Work task
Work through the records below, line by line, and say how many lines include "from", with nothing else.

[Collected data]

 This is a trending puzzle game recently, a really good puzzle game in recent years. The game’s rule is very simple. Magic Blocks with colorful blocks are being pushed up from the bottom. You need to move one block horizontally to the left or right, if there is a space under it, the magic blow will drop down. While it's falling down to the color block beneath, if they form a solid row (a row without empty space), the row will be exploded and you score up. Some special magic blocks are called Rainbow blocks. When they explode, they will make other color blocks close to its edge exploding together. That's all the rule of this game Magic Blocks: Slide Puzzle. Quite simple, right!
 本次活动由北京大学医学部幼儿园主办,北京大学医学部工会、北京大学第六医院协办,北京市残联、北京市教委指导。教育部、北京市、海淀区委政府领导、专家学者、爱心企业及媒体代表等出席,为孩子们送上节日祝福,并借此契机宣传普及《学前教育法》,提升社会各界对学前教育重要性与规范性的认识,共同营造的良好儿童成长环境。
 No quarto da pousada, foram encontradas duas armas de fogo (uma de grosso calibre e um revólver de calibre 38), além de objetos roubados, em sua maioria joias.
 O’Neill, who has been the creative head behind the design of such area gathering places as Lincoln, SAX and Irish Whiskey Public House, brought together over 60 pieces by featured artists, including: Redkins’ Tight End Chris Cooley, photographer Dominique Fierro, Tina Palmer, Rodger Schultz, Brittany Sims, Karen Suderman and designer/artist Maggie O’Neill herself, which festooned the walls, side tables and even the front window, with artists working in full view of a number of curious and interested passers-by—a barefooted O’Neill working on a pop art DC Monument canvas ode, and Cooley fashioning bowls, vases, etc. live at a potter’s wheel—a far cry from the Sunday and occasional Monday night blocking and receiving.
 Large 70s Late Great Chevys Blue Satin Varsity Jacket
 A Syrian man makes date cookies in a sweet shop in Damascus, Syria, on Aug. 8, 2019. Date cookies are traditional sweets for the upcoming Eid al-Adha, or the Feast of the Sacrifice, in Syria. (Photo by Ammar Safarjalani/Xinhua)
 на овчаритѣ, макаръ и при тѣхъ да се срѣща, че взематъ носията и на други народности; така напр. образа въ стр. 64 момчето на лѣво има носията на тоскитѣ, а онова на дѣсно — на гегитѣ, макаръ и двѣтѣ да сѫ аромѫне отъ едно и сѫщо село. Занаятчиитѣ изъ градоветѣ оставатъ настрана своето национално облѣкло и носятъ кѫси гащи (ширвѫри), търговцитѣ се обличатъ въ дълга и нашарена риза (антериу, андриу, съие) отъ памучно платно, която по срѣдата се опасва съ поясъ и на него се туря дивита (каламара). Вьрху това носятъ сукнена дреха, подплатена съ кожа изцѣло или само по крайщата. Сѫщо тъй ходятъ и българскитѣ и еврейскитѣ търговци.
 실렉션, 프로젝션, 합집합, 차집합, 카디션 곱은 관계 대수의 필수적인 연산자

Answer below
2